Mets Equals Mess
Frankly, the Mets should be ashamed of themselves.
It's not just about losing one game either. It's about playing embarrasingly bad baseball for two straight Septembers, about coughing up a three-and-a-game lead over your last 17 games, about losing six of your last nine to conclude a summer of disappointment, and about scoring a grand total of six runs in the final series of the season. Six runs. The Mets had everything to play for over the weekend, the Marlins had nothing to play for but pride, and yet the Mets could muster only one win--supplied almost single-handedly by the great Johan Santana on Saturday.

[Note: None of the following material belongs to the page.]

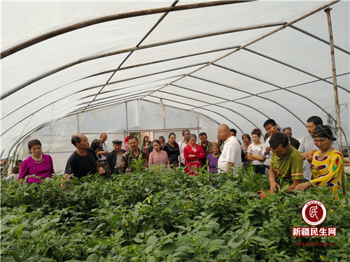 在大田里、村民的蔬菜拱棚里,村科技副职窦秀宽就菜苗如何正确移栽、施肥、打埂等管理方面的技术对村民进行了详细讲解,并告诉大家在蔬菜如何防虫、防病等知识。对村民提出的蔬菜拱棚管理中遇到的问题,窦秀宽一一耐心地解答。“通过面对面的交流学习,不仅让我们直观地学习了种植方法,掌握了管理知识,还提升了我们大家的蔬菜种植管理水平,带动林果及庭院经济发展。” 艾合买提·托合提说。

Other than Santana and Carlos Beltran, few of the Mets seemed to show up over the weekend. With the season hanging in the balance and capacity crowds on hand to bid farewell to Shea Stadium, the Mets played with all the intensity and effectiveness of a B-team in spring training. The main culprits? You can certainly point to the offense, which garnered a grand total of four hits in Sunday's finale, and you can certainly point to that dreadful bullpen. At a time when the Mets needed two or three relievers to step up in the absence of Billy Wagner, only Subway Joe Smith provided a boost to Jerry Manuel, who tried just about everyone he could lay his hands on. As much as some observers want to pin goat horns on Omar Minaya for failing to acquire an effective reliever down the stretch, I'll place most of the blame on Aaron Heilman and Pedro Feliciano. If those two had pitched remotely close to their potential--let's say the level we saw from them two years ago--the Mets, not the Brewers, would today be wild card winners.
A second straight September collapse must sting badly for Mets fans. I hope it stings just as badly for the players. After all, they are the ones responsible for this mess of underachievement. They blew it, plain and simple.